Elastic Security (Elastic)
eql
sequence by host.name with maxspan=5m
  [any where event.code == "6416" and
   (
     winlog.event_data.HardwareIds like~ "*VID_2B04*" or
     winlog.event_data.HardwareIds like~ "*VID_16D0*" or
     winlog.event_data.HardwareIds like~ "*VID_2E8A*" or
     winlog.event_data.HardwareIds like~ "*VID_2341*" or
     winlog.event_data.HardwareIds like~ "*VID_1B4F*" or
     winlog.event_data.HardwareIds like~ "*VID_221A*" or
     winlog.event_data.HardwareIds like~ "*VID_04D8*" or
     (
       winlog.event_data.ClassName like~ "HIDClass" and
       not (
         winlog.event_data.HardwareIds like~ "*VID_045E*" or
         winlog.event_data.HardwareIds like~ "*VID_046D*" or
         winlog.event_data.HardwareIds like~ "*VID_05AC*" or
         winlog.event_data.HardwareIds like~ "*VID_413C*" or
         winlog.event_data.HardwareIds like~ "*VID_03F0*" or
         winlog.event_data.HardwareIds like~ "*VID_17EF*"
       )
     ) or
     (
       winlog.event_data.ClassName like~ "Net*" and
       winlog.event_data.DeviceId like~ "*USB*" and
       not (
         winlog.event_data.HardwareIds like~ "*VID_045E*" or
         winlog.event_data.HardwareIds like~ "*VID_046D*" or
         winlog.event_data.HardwareIds like~ "*VID_05AC*"
       )
     )
   )
  ]
high severity high confidence

Detects suspicious USB/HID/network hardware additions via Windows Security Event 6416 (PnP Activity). Flags known pentest hardware VIDs (Hak5, Digispark, Pi Pico, Arduino), unknown-vendor HID devices that may be keystroke injectors, and unknown USB network adapters that may be LAN taps. Requires Windows Advanced Audit Policy: Detailed Tracking > Audit PNP Activity = Success.

Data Sources

Windows Security Event LogWinlogbeat or Elastic Agent with Windows module

Required Tables

winlog (channel: Security, EventID 6416)

False Positives & Tuning

  • IT asset deployment of legitimate peripherals from lesser-known vendors not in the known-good VID list
  • Developer boards (Arduino, Raspberry Pi Pico) used legitimately by engineers for lab or development work
  • USB-to-Ethernet adapters from generic OEMs used for docking stations or conference room equipment
Download portable Sigma rule (.yml)

Other platforms for T1200


Testing Methodology

Validate this detection against 4 adversary techniques from Atomic Red Team. Each test below lists the behaviour to exercise and the telemetry you should expect to see. Executable commands and cleanup steps are available with Pro.

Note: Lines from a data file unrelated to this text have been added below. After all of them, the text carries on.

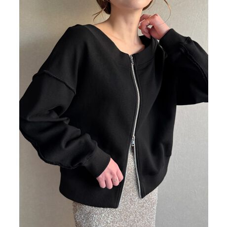 ワイドネックWジップデザインラインスウェット
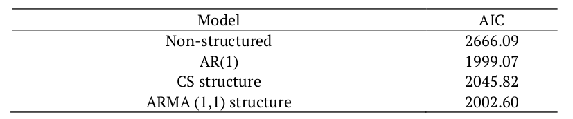 Table 2 displayed the fitted models, considering different structures of variances and covariances, defined by: a model without considering a correlation structure in the errors, and three other models using the AR(1), CS and ARMA(1,1) correlation structures. For model selection, the Akaike criterion was used.
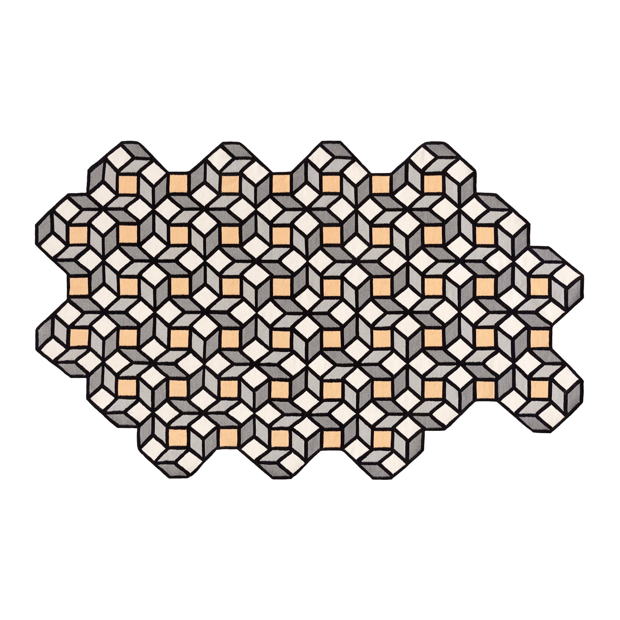 Parquet Rhomb Rug är formgiven av den svenska designduon Front, för Gan Rugs. Med sin expertis har duon kombinerat traditionella mönster och geometrier från golv och mattor, med nya former och färger, vilket har resulterat i en kollektion av kelimmattor med en modern tredimensionell känsla. Mattorna i Parquet-serien, Tetragon, Rhomb och Hexagon är alla uppbyggda i block av geometriska figurer med fyra till åtta sidor och deras oregelbundna former skiljer sig starkt från den traditionella mattans rektangulära form. Mattorna är vävda helt för hand, är tillverkade i ull och är dessutom vändbara. Designen och färgen på mattorna skapar nya dimensioner i ett rum, då det gör att utrymmet känns större och utmanar det traditionella med sitt moderna uttryck. Rhomb antar en mer organisk form än de andra mattorna i kollektionen och har en något lugnare känsla över sig med sina sobra gula, gråa och vita färgtoner.
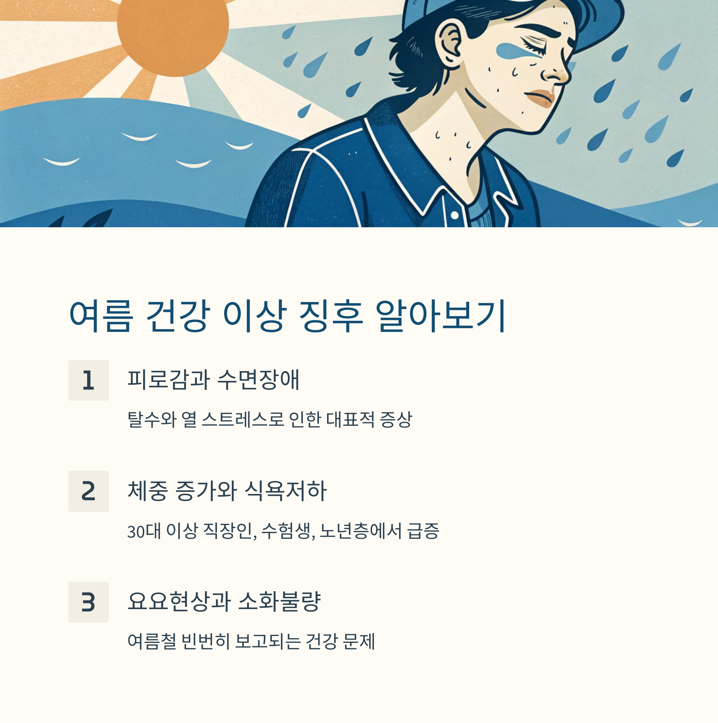여름철 대표적인 증상인 피로감, 수면장애, 체중 증가, 식욕저하는 탈수와 열 스트레스에서 비롯됩니다. 특히 30대 이상 직장인과 수험생, 노년층의 건강 실패 사례가 급증하고 있으며, 요요현상과 소화 불량도 빈번히 보고되고 있습니다.
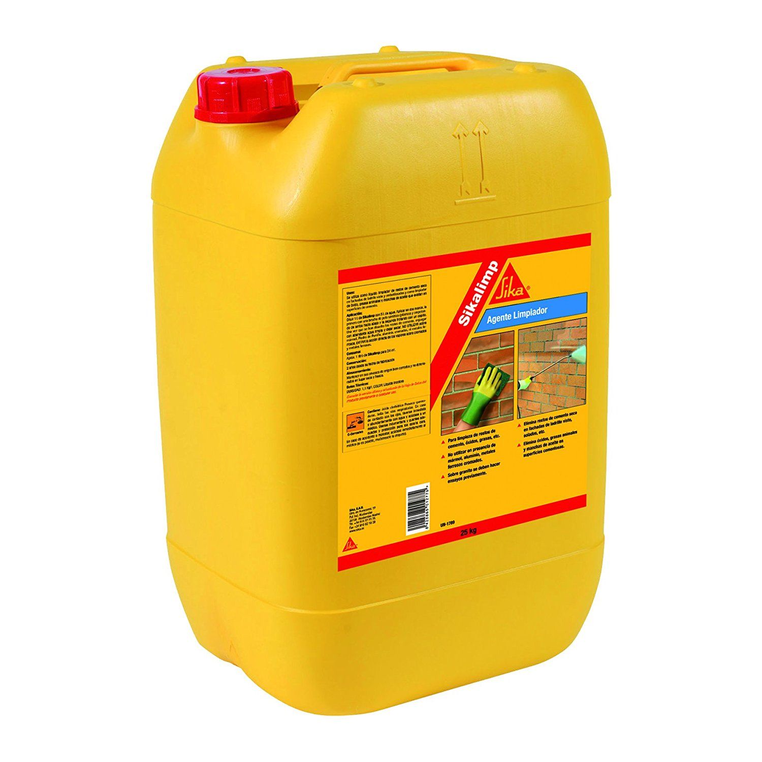 Sikalimp es un líquido limpiador a base de ácidos inorgánicos, incoloro, tóxico y altamente corrosivo. Para limpieza de restos de cemento seco en fachadas de ladrillo visto, embaldosados, Oxido, grasas animales y manchas de aceite que existan en superficies de cemento. Lata 25 kg.
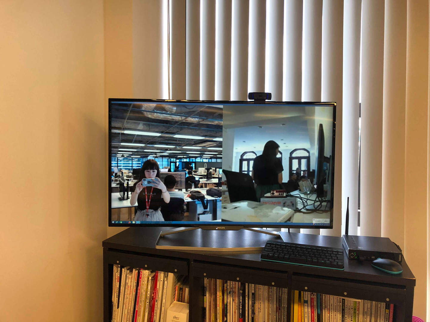 オフィスの左奥にあるこちらの画面はシンガポールのオフィスにskypeで繋がっています。
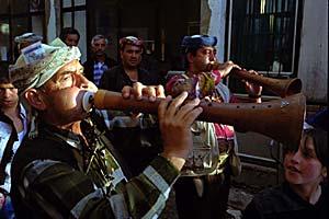 Pipers during a Gorani wedding ceremony in Restelica, South Kosovo, July 2000.
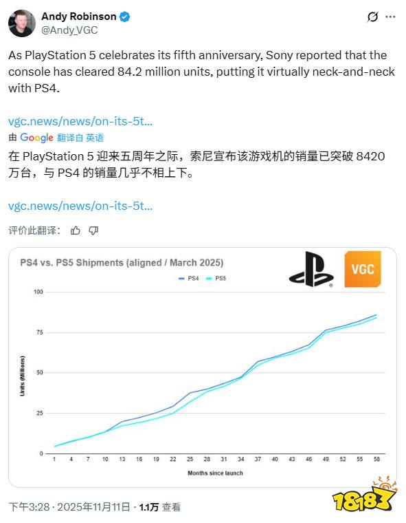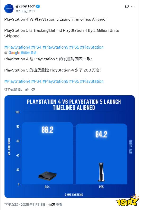 PS4和PS5同期销量对比:PS5仅落后200万台
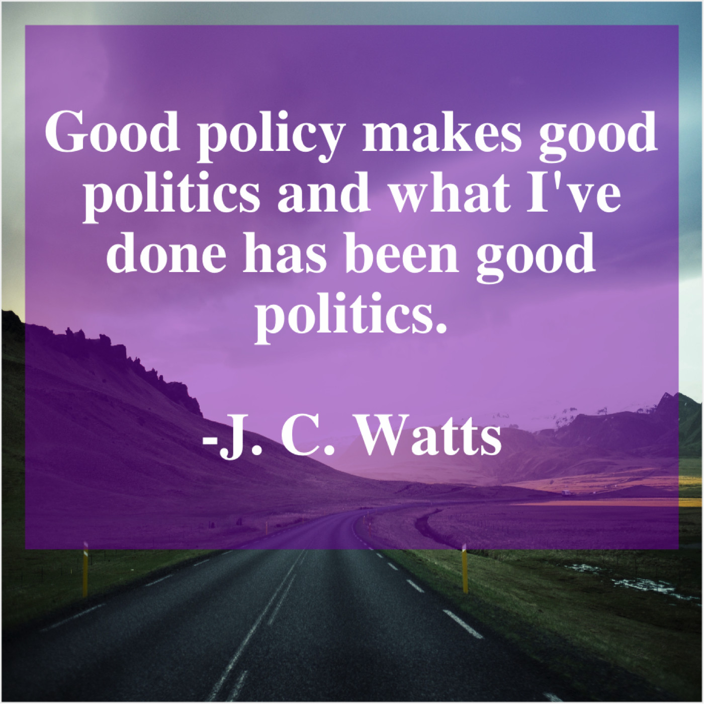 J. C. Watts J. C. Watts – Good policy makes good politics… August 8, 2019 admin “Good policy makes good politics and what I’ve done has been good politics.”-J. C. Watts
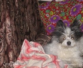 Охраняет мои тапочки... Малого уже давно нет, остались только фото и память.
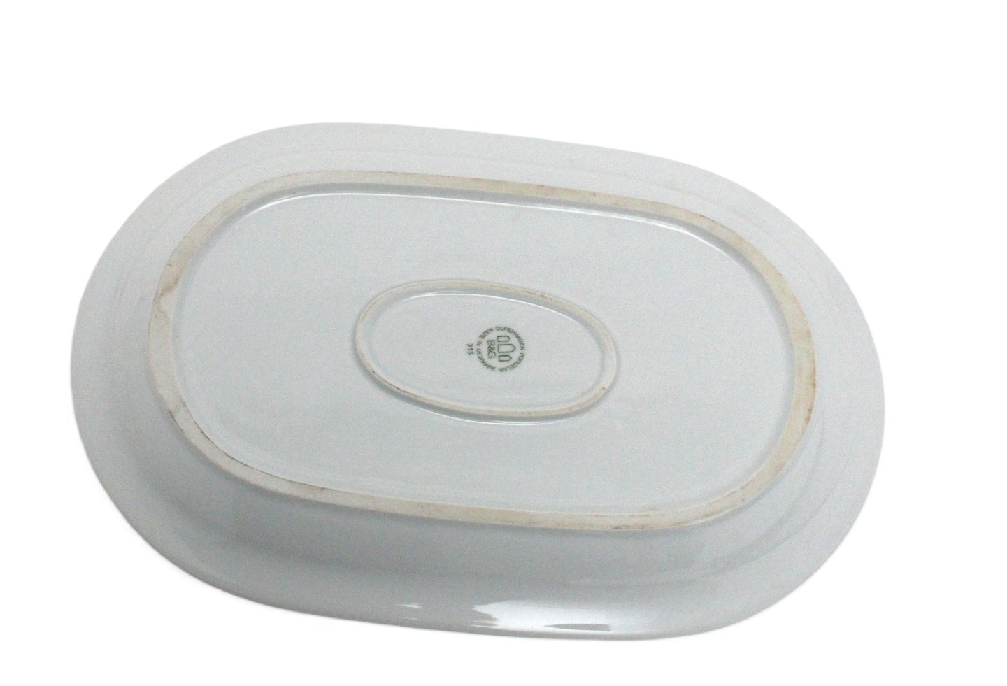 Bing & Grøndahl, Serveringsfad. Nr. 315. Designet af Martin Hunt. Længde 36 cm. Bredde 23 cm. II sortering. Almindelig brugsslid, brugsstreger. Pris: 400 kr. stk. Lager: 1
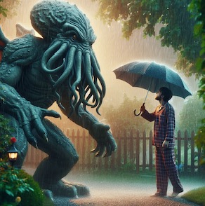 | Le 16 Juillet : Je prends du Hericium,vais me coucher à 22H25 et m'endors vite... R1 : Je me promène la nuit en tenant une lanterne et des cassette VHS contenant des enregistrements de mes rêves que j'essaie de vendre aux gens.Bien que n'ayant pas beaucoup d'argent j'ai pu négocier l'enregistrement de ces rêves pour pas trop cher. Je me réveille. Il est 00H05. Je me rendors. R2 : Je suis probablement en sommeillent et je laisse vagabonder mes pensées. Je vois défiler diverses images et soudain j'en reconnais une qui est tirée de mon rêve précédent. L'image est verticale et je m'y vois à la 3ème personne tenant mes cassettes VHS à vendre. Je me trouve grand et maigre. Ca me donne envie de repenser à ce rêve et à l'étudier... (...) R3 : J'étais en train de discuter dans mon jardin avec Cthulu, la créature à tête de pieuvre des oeuvres du romancier Lovecraft. Mais ila commencé à pleuvoir et Cthulu a disparu. Je me retrouve seul et tout étonné : Comment est-il possible qu'une créature de la mer comme lui puisse craindre la pluie ? Mais celle-ci s'intensifie rapidement et se transforme en un véritable déluge, m'obligeant à me réfugier dans ma maison. Je m'installe à ma fenêtre pour regarder si Cthulu revient. Il se fait tard et j'ai bien envie de fermer le volet mais si je n'attends pas son retour Cthulu risque de se fâcher. Je sais que ce genre de créature est très susceptible. Je prends conscience combien fréquenter des créatures démoniaques peut représenter un gros danger pour moi. Je me sens inquiet et je me retourne pour voir s'il n'y en a pas derrière moi. Je me réveille. Il est 2H45. Je me rendors. R4 : Je me suis procuré du matériel pour reproduire des photos de mes rêves précédents (Ceux où je vendais des cassettes VHS de mes rêves). J'ai du papier photosensible et du liquide révélateur, ça devrait suffire. Quelqu'un me fait remarquer que je n'utilise pas beaucoup de lumière pour exposer mes photos. Je réfléchis... Dans le premier rêve (R1) scène se passait pendant la nuit... donc pas besoin de beaucoup de lumière. Et dans le 2ème rêve (R2) je voyais une photo qui était plutôt pâle... donc idem. Je me réveille en traversant une hallucination hypnopompique... HH1 : J'entends une trompette qui joue un air d'allure mexicaine. Il est 5H00. HH2 : Une voix raconte : "Pendant le conflit des six jours, des maisons avaient été enterrées avec les victimes." Il est 5H30. Note : HH2 se rapportait visiblement à la situation au proche-orient.
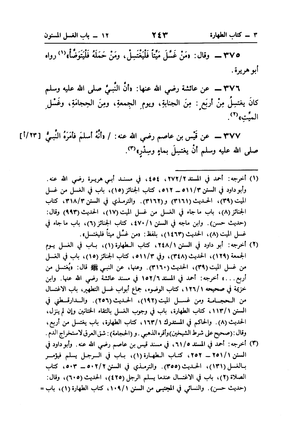 377 - عن قَيْس بن عاصم رضي اللَّه عنه: "أَنَّهُ أسلمَ فأمَرَهُ النَّبيُّ صلى اللَّه عليه وسلم أنْ يغتسِلَ بماءٍ وسِدْرٍ" (¬3).

  1. Test 1Install Microsoft Loopback Network Adapter via devcon

    Expected signal: Windows Security Event ID 6416: ClassName=Net, ClassId={4d36e972-e325-11ce-bfc1-08002be10318}, DeviceId=ROOT\NET\0001 or similar, HardwareIds=*MSLOOP. Windows System Event IDs 20001 and 20003 in System log for driver installation. Entry in C:\Windows\INF\setupapi.dev.log with timestamp and INF path.

  2. Test 2Enumerate Connected HID Devices via PowerShell

    Expected signal: Sysmon Event ID 1: Process Create with Image=powershell.exe and CommandLine containing 'Get-PnpDevice' and 'HIDClass'. Security Event ID 4688 (if command line auditing enabled). PowerShell ScriptBlock Log Event ID 4104 with the full device enumeration script.

  3. Test 3Query USB Device Connection History via Registry

    Expected signal: Sysmon Event ID 1: Process Create for reg.exe with CommandLine containing 'HKLM\SYSTEM\CurrentControlSet\Enum\USB'. Sysmon Event ID 1 also for findstr.exe. Security Event ID 4688 (if enabled) for both processes. Registry access events may be logged depending on SACL configuration.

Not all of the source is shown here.